In this demonstration, we will begin by adding an additional data source to our pipeline and performing a join with our streaming tables. Then, we will focus on productionalizing the pipeline by adding comments and table properties to the objects we create, scheduling the pipeline, and creating an event log to monitor the pipeline.

### Learning Objectives

By the end of this lesson, you will be able to:
- Apply the appropriate comment syntax and table properties to pipeline objects to enhance readability.
- Demonstrate how to perform a join between two streaming tables using a materialized view to optimize data processing.
- Execute the scheduling of a pipeline using trigger or continuous modes to ensure timely processing.
- Explore the event log to monitor a production Lakeflow Spark Declarative Pipeline.

## REQUIRED - SELECT CLASSIC COMPUTE (your cluster starts with **labuser**)

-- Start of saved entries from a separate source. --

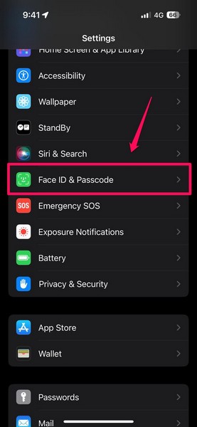 2。を見つけますフェイスIDとパスコードリストの設定とタップして開きます。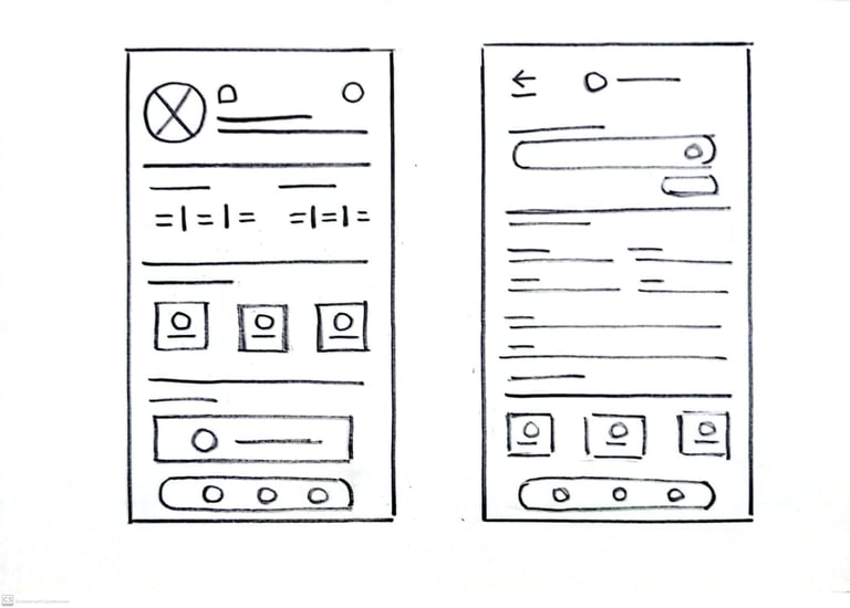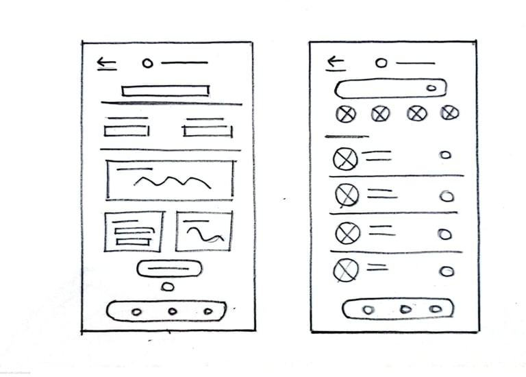 I created paper sketches for each of the main screens of the application, taking into account the pain points identified in relation to navigation and quick access to patient information.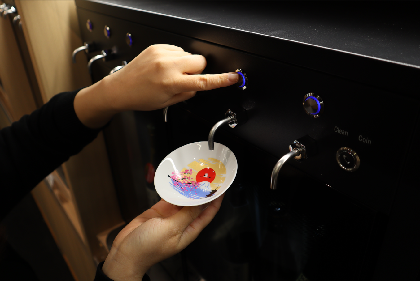 箱根を訪れる国内外のお客様に特別な体験を!という思いから、利き酒コーナーを設置いたしました。日本酒は厳選した30銘柄をご用意。まずはコインと試飲用カップをご購入いただき、気になる日本酒をご自身で選んで試飲できます。気に入った日本酒はその場で購入することも可能です。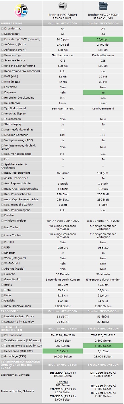 Nach Popularitätsgesichtspunkten auf den großen Preisvergleichsseiten kommen der MFC-7360N und der MFC-7460DN in die engere Wahl. Das DN-Modell kostet ca. 50 EUR mehr und bietet dafür einen Printserver und eine Duplexeinheit.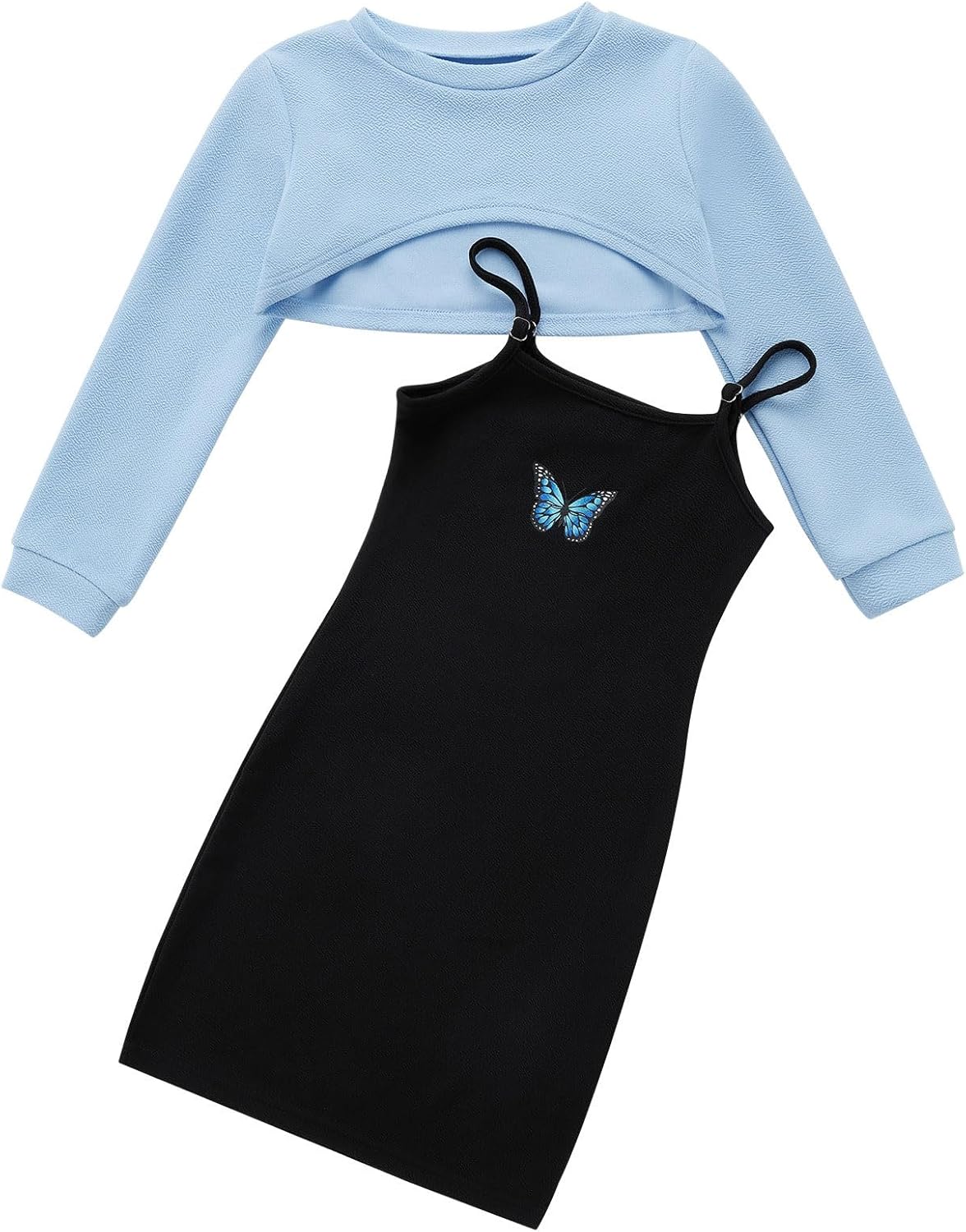 Girl’s 2 Piece Outfits Kids Long Sleeve Crop Top and Cami Dress Set Teen Girls Pullover Sweatshirt + Butterfly/Plaid Print Bodycon Dress Clothes Christmas Party Casual Costumes

Before executing cells in this notebook, please select your classic compute cluster in the lab. Be aware that **Serverless** is enabled by default.

Follow these steps to select the classic compute cluster:

1. Navigate to the top-right of this notebook and click the drop-down menu to select your cluster. By default, the notebook will use **Serverless**.

1. If your cluster is available, select it and continue to the next cell. If the cluster is not shown:

    - In the drop-down, select **More**.

    - In the **Attach to an existing compute resource** pop-up, select the first drop-down. You will see a unique cluster name in that drop-down. Please select that cluster.

**NOTE:** If your cluster has terminated, you might need to restart it in order to select it. To do this:

1. Right-click on **Compute** in the left navigation pane and select *Open in new tab*.

1. Find the triangle icon to the right of your compute cluster name and click it.

1. Wait a few minutes for the cluster to start.

1. Once the cluster is running, complete the steps above to select your cluster.

## A. Classroom Setup

Run the following cell to configure your working environment for this course.

This cell will also reset your `/Volumes/dbacademy/ops/labuser/` volume with the JSON files to the starting point, with one JSON file in each volume.

**NOTE:** The `DA` object is only used in Databricks Academy courses and is not available outside of these courses. It will dynamically create and reference the information needed to run the course.

In [0]:
%run ./Includes/Classroom-Setup-5

## B. Explore the Orders and Status JSON Files

1. Explore the raw data located in the `/Volumes/dbacademy/ops/our-lab-user/orders/` volume. This is the data we have been working with throughout the course demonstrations.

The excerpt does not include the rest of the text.